**TASK STATEMENT**
I'd like the entries repeated exactly, without their pictures.

**RECORDED DATA**
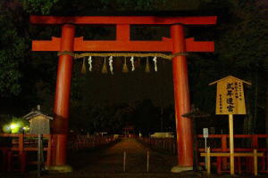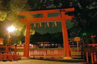 ![]() 当日の上賀茂神社一ノ鳥居 ![]() 当日の二ノ鳥居、午後8時前、松明の火を先頭に、20人ほどの神職が二の鳥居をくぐり、闇の中に消えていった。 |
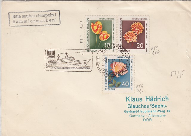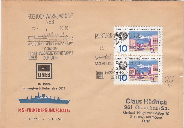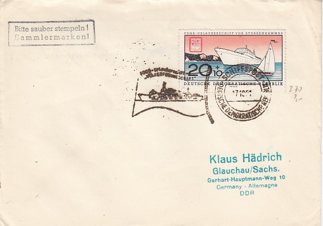 Deutsche Schiffspost Stempel DDR Völkerfreundschaft Urlauberschiff 1966
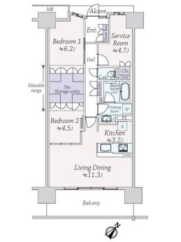 間取り 2SLDK 専有面積 71.39m2(21.5坪) 壁芯
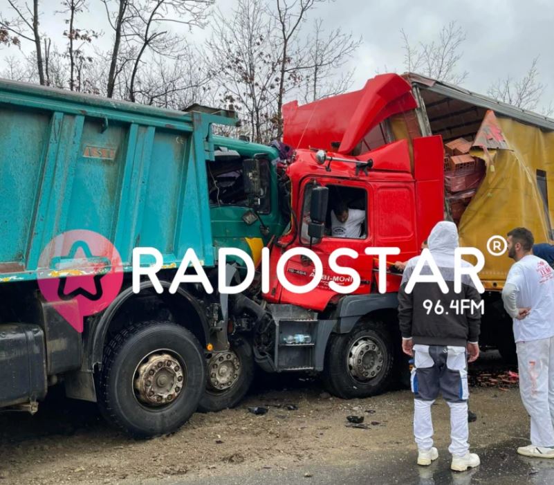 Dy kamion janë ndeshur me njëri-tjetrin, ndërsa dëmet që shihen në foto duket të jenë të mëdha.
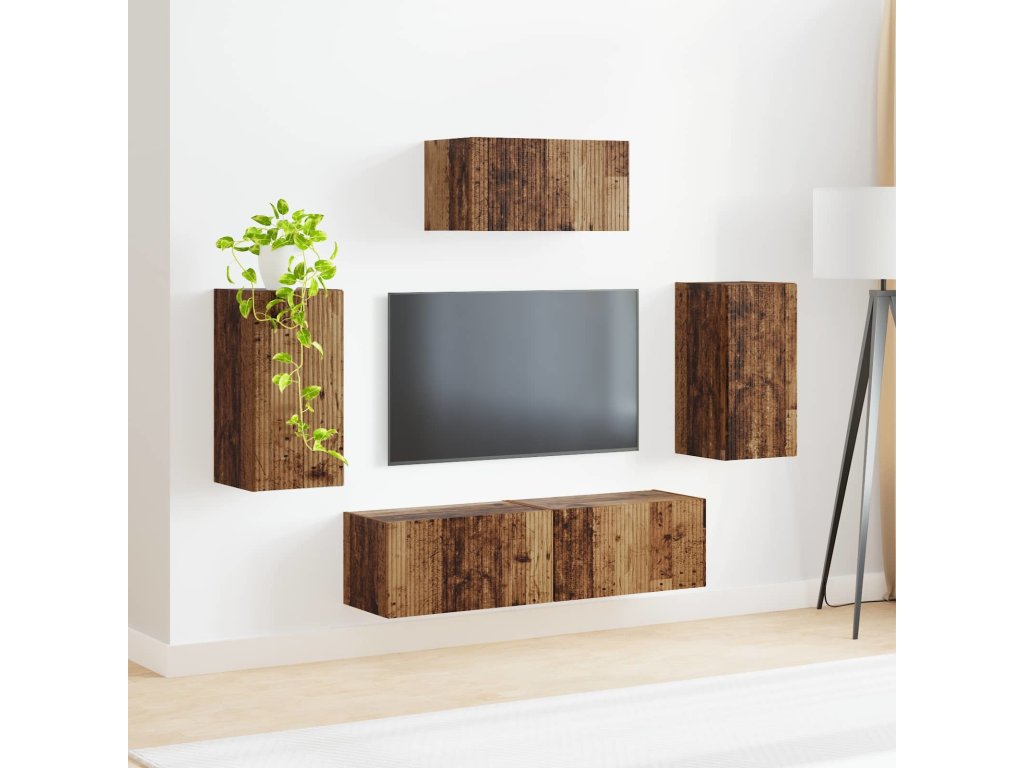 Sestava TV skříněk Nástěnný 5 pcs Staré dřevo kompozitní dřevo [3409076]
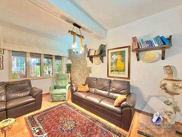 Allesterno troviamo un ampio porticato ideale per i momenti di relax e uno spazio esterno ben curato, con dependance dotata di forno a legna e cucina in muratura, perfetta per pranzi e cene allaperto.

**FINISHED TASK**
 ![]() 当日の上賀茂神社一ノ鳥居 ![]() 当日の二ノ鳥居、午後8時前、松明の火を先頭に、20人ほどの神職が二の鳥居をくぐり、闇の中に消えていった。 |
 Deutsche Schiffspost Stempel DDR Völkerfreundschaft Urlauberschiff 1966
 間取り 2SLDK 専有面積 71.39m2(21.5坪) 壁芯
 Dy kamion janë ndeshur me njëri-tjetrin, ndërsa dëmet që shihen në foto duket të jenë të mëdha.
 Sestava TV skříněk Nástěnný 5 pcs Staré dřevo kompozitní dřevo [3409076]
 Allesterno troviamo un ampio porticato ideale per i momenti di relax e uno spazio esterno ben curato, con dependance dotata di forno a legna e cucina in muratura, perfetta per pranzi e cene allaperto.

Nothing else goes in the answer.